The chemical analysis of organic compounds often presents major experimental difficulties. An accurate analysis depends upon the sample undergoing a single, well-defined reaction which quickly goes to completion. Often, organic compounds undergo several different reactions at the same time, and reaction rates are sometimes quite slow.

A functional-group analysis is one in which a particular grouping of atoms in a compound is made to react in a specific well-defined way with a particular reagent.1 In this experiment use is made of the reaction between an oxidizing reagent and an organic compound with the functional group COH-COH.

Analysis of Ethylene Glycol

Ethylene glycol reacts with periodate ion to form formaldehyde and iodate:

+ 𝐼𝑂4 − → 2 𝐻2𝐶𝑂 +𝐼𝑂3 − + 𝐻2𝑂 (8-1)

This oxidation-reduction reaction will proceed to completion with negligible side reactions under the appropriate set of conditions. The reaction is slow, but increases with increasing concentration of periodate. Here a known, fixed amount of periodate in excess of that needed to completely react with the glycol is added to the unknown. After the glycol has reacted, an excess of iodide is added to the solution. The iodide reacts with unreacted periodate according to:

𝐼𝑂4 − + 11 𝐼 − + 8 𝐻 + → 4 𝐼3 − +4 𝐻2𝑂 (8-2)

The iodide also reacts with the iodate produced in reaction 8-1 according to:

𝐼𝑂3 − + 8 𝐼 − + 6 𝐻 + → 3 𝐼3 − + 3 𝐻2𝑂 (8-3)
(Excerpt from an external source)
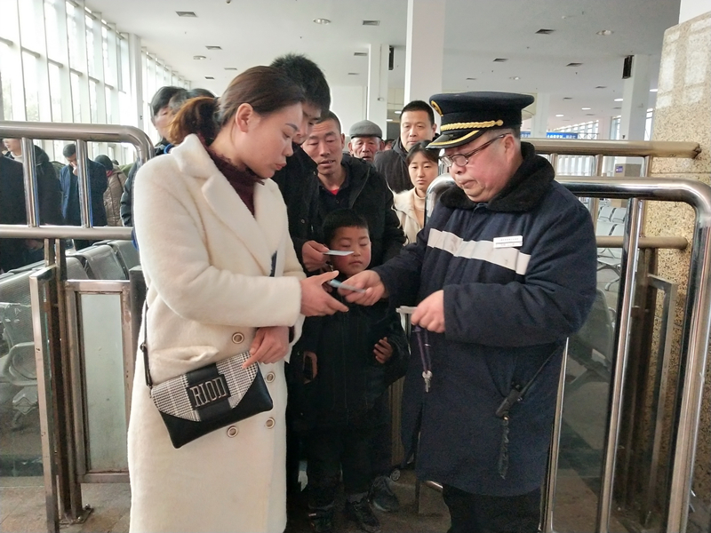 在宿州站一樓候車室,旅客們會經(jīng)?吹揭粋身材略胖,個頭不高,帶著一副老花鏡,總是面帶微笑服務的客運員,他就是鄭桂芝,主要負責一樓候車室旅客進站上車檢票和候車室巡視等。今年春運是老鄭的最后一個春運,再過幾個月他就要退休了,老鄭說:“這是我從事鐵路工作的最后一個春運,也將是我生命中最難忘的一次春運,因此,我格外珍惜與大伙在一起的日子,等我退休后,我還要來做志愿者,為車站為旅客奉獻一點微薄之力”。質(zhì)樸的話語中流露出他對同事和崗位的依依不舍。

The triiodide produced in these reactions is then determined by titration with thiosulfate:

𝐼3 − +2 𝑆2𝑂3 2− → 3 𝐼 − + 𝑆4𝑂6 2− (8-4)

To find the glycol content, a blank solution containing the same fixed amount of periodate but no glycol is treated similarly. The difference in the number of moles of 𝐼3 − produced in the blank solution, and that produced in the sample solution, is equal to the number of moles of glycol in the sample solution.

Procedure

1. Prepare a solution from your unknown: a. Your unknown may have recently been refrigerated – make sure it is at room temperature before use. b. Transfer the vial contents quantitatively to a 250 mL volumetric flask. c. Dilute to volume with water and mix well.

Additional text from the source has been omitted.